You have to look at selling movies online from a value proposition perspective. What value is it for the motion picture industry to sell movies online? As it stands right now, very little. Let’s start with pricing. The average retail price for a DVD is around $29. Now, of course, no one pays that much (unless you still shop at Suncoast), but even a good price on Amazon will put an average DVD at about $17. Would the average consumer be willing to pay the same rate for lower-quality video with no DVD extras online? Probably not. A more reasonable price that your average consumer would be willing to pay would be about $10 which, as it so happens, is about what Apple charges for “feature-film-length” content already (see Conan O’Brien’s 10th Anniversary Special and The Best of Triumph the Insult Comic Dog).
But here’s where the problem lies.

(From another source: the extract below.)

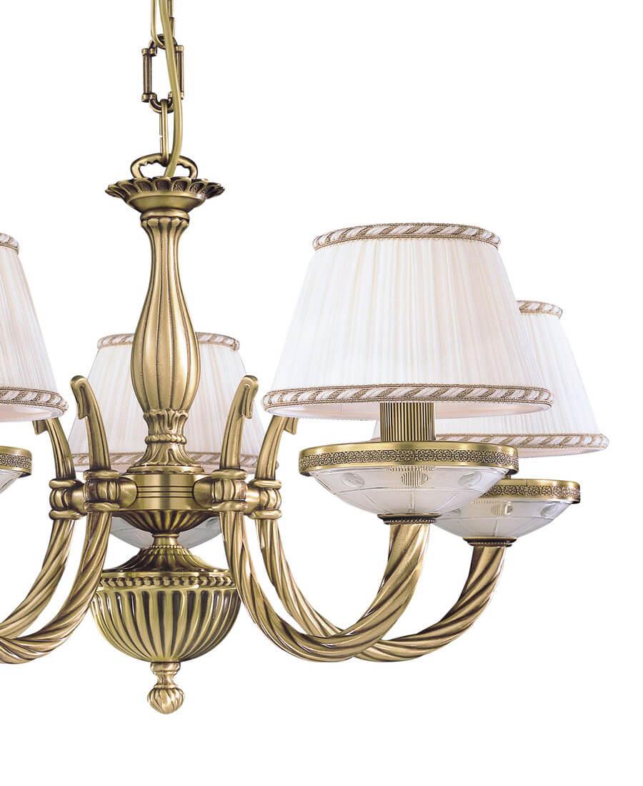 Подвесная люстра Reccagni Angelo L 4660/5 Итальянского производсва – уникальное сочетание высокого качества и удивительных фактур. Этот светильник Классического стиля хорошо подойдет Для гостиной и придаст помещению мягкий и приятный свет. Плафоны белые из ткани. Арматура бронза из металла. Кол-во ламп - 5шт. Общая мощность 300W

The motion picture industry looks at their content and says, “Well, you’re getting a full-length feature film, so you should pay full-length feature film price” and would want Apple to charge $19.99. The average consumer will, of course, balk at that price and say, “I might as well buy the stinkin’ DVD and rip it with Handbrake.” And this is where the disconnect occurs that could very well prevent movies from being sold online:
You and I perceive the value of a movie sold online as being less than the value of a movie sold on a DVD, while the motion picture industry perceives the value as being exactly the same and would want it priced accordingly.
And let’s not forget the perceived problem of piracy and the motion picture’s “my way or the highway” method of doing business because of it. As it stands, it would be trivial to take iTunes content and distribute it online, but it doesn’t happen because there are better ways for pirates to put content online. Lost is available through torrents the next day at a higher quality than the iTMS for free and yet thousands of people purchase Lost each and every episode. Not putting your content out there just because of the threat of piracy (which will persist irregardless of the industry’s efforts) is stupid, and it may take some great convincing on Apple’s part to prove otherwise.

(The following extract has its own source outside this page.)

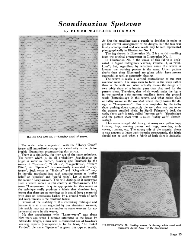 Scandinavian Spetsvav, Hickman, Elmer Wallace. Weaver, Vol. 3 No. 3 (July 1938), 4 pages. Note: PDF provided by Judith Combs. Posted September 2, 2006. SAMPLE PAGE. File size 382 KB PDF

But let’s look at this more positively. There was a time when we didn’t think that Apple could get all of the record labels to cooperate together and release their content online. “Oh, the risk of piracy is too great,” they cried. And yet, the iTunes Music Store is a rousing success. Of course, there are still several obvious and important holdouts (The Beatles, AC/DC, Metallica), but by and large the content library is wide and varied. There was a time when we didn’t think that Apple could get a number of the television networks to cooperate together and release their content online. “Oh, the risk of piracy is too great,” they cried, but less vocally than before. And now, the iTunes Music Store is doing gangbusters selling television shows.

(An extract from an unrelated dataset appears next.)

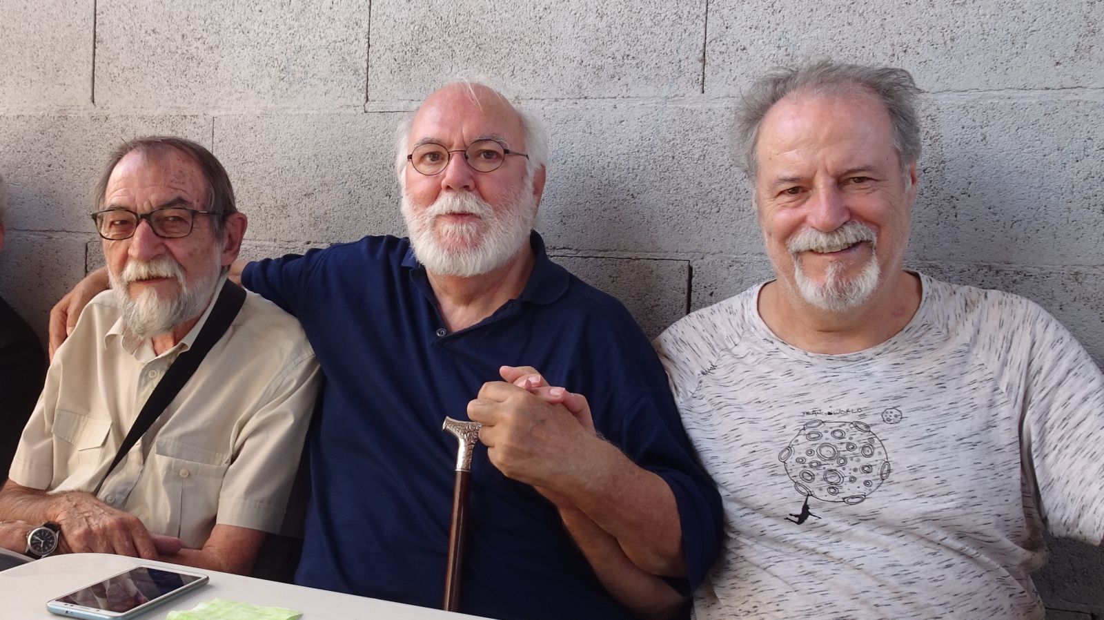Pablo Guerrero con el escritor Félix Maraña y José Antonio Alonso. Rabanera 2022.

So, the possibility is there. And let’s not forget the Disney-Pixar deal. If anything ends up as the catalyst for getting movies in iTunes, that will be it. Pixar is releasing Cars on June 9. Its DVD release will most likely fall just before Christmas. Think of the timing: just prior to Christmas, say around October, Apple has a media event announcing new iPods with larger storage capacity and extended battery life. “Oh, and one more thing…” and Steve Jobs announces the iTunes Movie Store, leading off with Cars as the marquee title (and maybe Pirates of the Carribean 2 or Apocalypto too—they may both be out on DVD around the same period). If it succeeds (and it will because the demand for iPods next Christmas will probably even eclipse this year’s record numbers), suddenly you’ll have millions of people buying Cars the day it’s released. They’ll sell more copies of it in one day than Sony has ever sold with any UMD title (after all, the most Sony’s ever sold of one UMD title is 100,000).
And let’s face it, with Disney onboard (and Buena Vista, Miramax and Touchstone), NBC Universal may want to jump in on it. Maybe even Viacom (MTV Networks are owned by them) and with them Paramount and Dreamworks. The only holdouts are going to be 20th Century Fox, Sony and WB/New Line. Independent Studios like Magnolia, Lion’s Gate and Weinstein would probably all trip over each other trying to get the opportunity of getting their films out to a now-enormous audience—way more than they could ever hope of reaching in limited-engagement art-house theater chains.
So, will iTunes ever carry movies?
Maybe. Eventually. If Steve Jobs can round up the studios to release their movies at a reasonable price ($9.99—nothing else will do) on the same days they release their DVDs, and if the technological hurdles (HD space, battery life and let’s not forget bandwidth) can be overcome, I’d say it’s totally plausible. The earliest this could happen I’d wager would be around late 2006. It may even be more realistic to think sometime in 2007. But it could happen and that’s something to look forward to.